Thermoelectric materials have drawn immense attentions for years. They can enable direct conversion between electrical and thermal energy, hence providing an alternative for refrigeration and power generation.
Today, more than 60% of the produced energy is lost in vain worldwide, predominantly in the form of waste heat. High performance thermoelectric materials is an environment-friendly energy conversion technology with the advantages of small size, high reliability, can work in a wide temperature range, and have no pollutants.
Nonetheless, the efficiency of thermoelectric devices is yet not high enough to be an alternative to the Carnot cycle. At Aarhus University new thermoelectric materials are developed and optimized in order to prepare high performance thermoelectric devices.
At CMC new thermoelectric materials are developed and existing materials are prepared in different ways in order to optimize their performance. The dimensionless figure of merit, zT, is given by the equation zT = α2σT/κ where α is the Seebeck coefficient, σ is the electrical conductivity, κ is the thermal conductivity, and T is the absolute temperature.
The material ZnSb is one of the systems that are developed and improved at CMC. It is attractive in a thermoelectric context since it consists of cheap and earth abundant elements. It has a lower maximum zT than the familiar phase β-Zn4Sb3 and therefore not much attention has been drawn to the material. However, ZnSb has the advantages of being much more stable than β-Zn4Sb3 which easily undergoes phase transitions.

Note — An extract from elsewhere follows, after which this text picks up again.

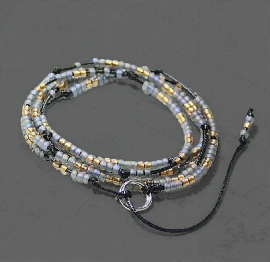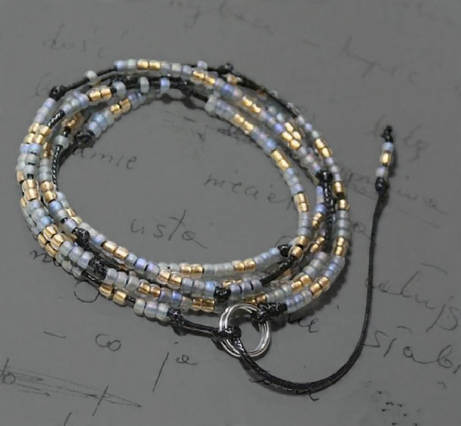 Bransoletka wykonana z nylonowego grubszego jubilerskiego sznurka oraz koralików toho 3 mm .

The structure of a material is the foundation to understand and explain material properties. Ba8Ga16Ge30 is a thermoelectric material which are able to host guest molecules within the cavities.
Thermoelectric technology calls for novel high-performance materials. Orbital engineering is a new approach that can be used to describe, discover and design thermoelectric materials.
In the figure to the right the unit cell of layered CaAl2Si2-type Zintl compound is shown. Underneath, an illustration of orbital engineering is illustrated in the compound. Three scenarios showing different interactions between the electronic bands are illustrated. The figure shows that the energy in the system depends on how the orbitals interact.
The results showing here is published in Nature Communications, DOI: 10.1038/ncomms10892
At CMC, we contributed to the discovery of n-type Te-doped Mg3Sb1.5Bi0.5. In 2012, n-type TE performance with a maximum zT of ~0.91 at 673 K in Mg3Sb1.5-0.5xBi0.5-0.5xTex was originally shown by Steffen H. Pedersen in his chemistry project report as part of the master thesis, which is publically available at the AU library. A PDF version of Steffen H. Pedersen’s thesis is now available online by following this link. After systematic efforts on reproducing and improving the original work of Steffen H. Pedersen, Jiawei Zhang et al. reported n-type Mg3Sb1.5-0.5xBi0.5-0.5xTex with varying Te content synthesized by combining arc melting and spark plasma sintering (SPS) at 1123 K. An optimal zT of 0.56-1.65 at 300-725 K was found in n-type Mg3Sb1.48Bi0.48Te0.04, which shows the intrinsic temperature-dependent mobility with the dominant acoustic phonon scattering at low temperatures. The result by Jiawei Zhang et al. is published here in Nature Communications.